ケイジ・ワイン(Cage Wine)/佐藤圭史について
東京・渋谷神泉の地で7年間ワイン・ビストロを経営し、シェフ兼ソムリエとして腕を磨いた佐藤圭史氏は、ある日すべてを手放し、ワインの銘醸地を巡る旅に出た。ギリシア、クロアチア、イタリア、オーストリア、スイスを経てシャンパーニュ、ブルゴーニュ……。その途上、南アフリカの「クレイヴン・ワインズ」と「AAバーデンホースト」のワインを口にした瞬間の衝撃が忘れられず、行き着いたのはケープタウンの地だった。

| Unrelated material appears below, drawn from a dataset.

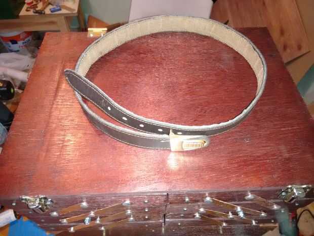 Un mango se hizo para hacer un poco más portátil el toolchest, estaba hecha de una vieja correa de cuero y un pedazo sobrante de cobre.
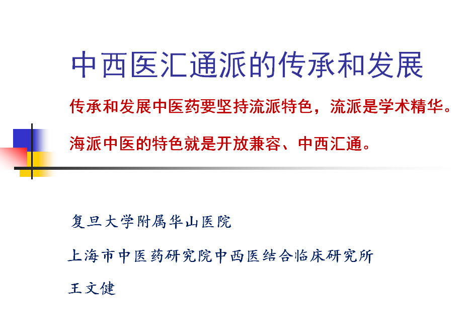 上海市中西医结合学会名誉会长、全国名老中医药专家学术经验传承指导老师、上海市名中医王文健教授作题为“中西医汇通派的传承和发展”的主旨报告。他在报告中指出,传承和发展是中医药要坚持流派特色,流派是学术精华;海派中医的特色就是开放兼容、中西汇通。王文健全面介绍中西医汇通派先驱恽铁樵先生对中西汇通理论的贡献,系统回顾以陆渊雷、姜春华、沈自尹、王文健为代表的多位中西医汇通学派医学大家的治学风格,以及中西汇通学派对中西医结合重大科学问题的贡献和主要学术成就,深刻阐述了截断扭转理论、肾本质研究、同病类证学说的科学内涵;并对精准医学时代的中西医结合、中西医结合老年病防治观念指明了方向。

「ここでワインを造れよ」——南アフリカを牽引するAAバーデンホーストの当主アディ・バーデンホーストにそう言われたことが、ケイジ・ワインの始まりだ。スワートランドのカルムースフォンテイン農場で、アディに師事しながら畑とセラーを学び、ケイジ・ワインのファーストヴィンテージを仕込んだ。南アフリカ初の日本人ワインメーカーとなった佐藤氏は、2020年ヴィンテージが南アフリカの権威ある格付け本「プラッターズ・ワイン・ガイド2022」に初掲載。2021年ヴィンテージは同誌で4つ星を獲得、そして2022年ヴィンテージも2年連続で4つ星を獲得するまでに至った。2023年10月には株式会社ケイジ・ワインを設立し、南アフリカと日本を結ぶワインプロジェクトとして本格始動している。ラベルは、佐藤氏が南アフリカへ旅立つと決めた時に当時4歳だった愛娘が白ワインをイメージして描いた絵——手仕事の温かさがエチケットにも宿っている。
ケイジ シュナン・ブラン 2022について
スワートランドのオールドヴァイン・シュナン・ブランを、AAバーデンホーストの哲学に従い最小介入で醸造した白ワイン。2020年ヴィンテージからフラッグシップとして位置づけられる本作の2022年は、2021年と比べてエキゾチックさに加えて香りに華やかさが増し、洋梨やカリンのような清涼感、ふくよかながらしっとりしたテクスチャー、フルーツの凝縮感が美しいバランスをなす。口当たりで感じる引き締まった液体感は、快活な酸の証。「プラッターズ・ワイン・ガイド」2年連続4つ星受賞。
写真は2026年5月22日にレクールでワイン会をした時のもの。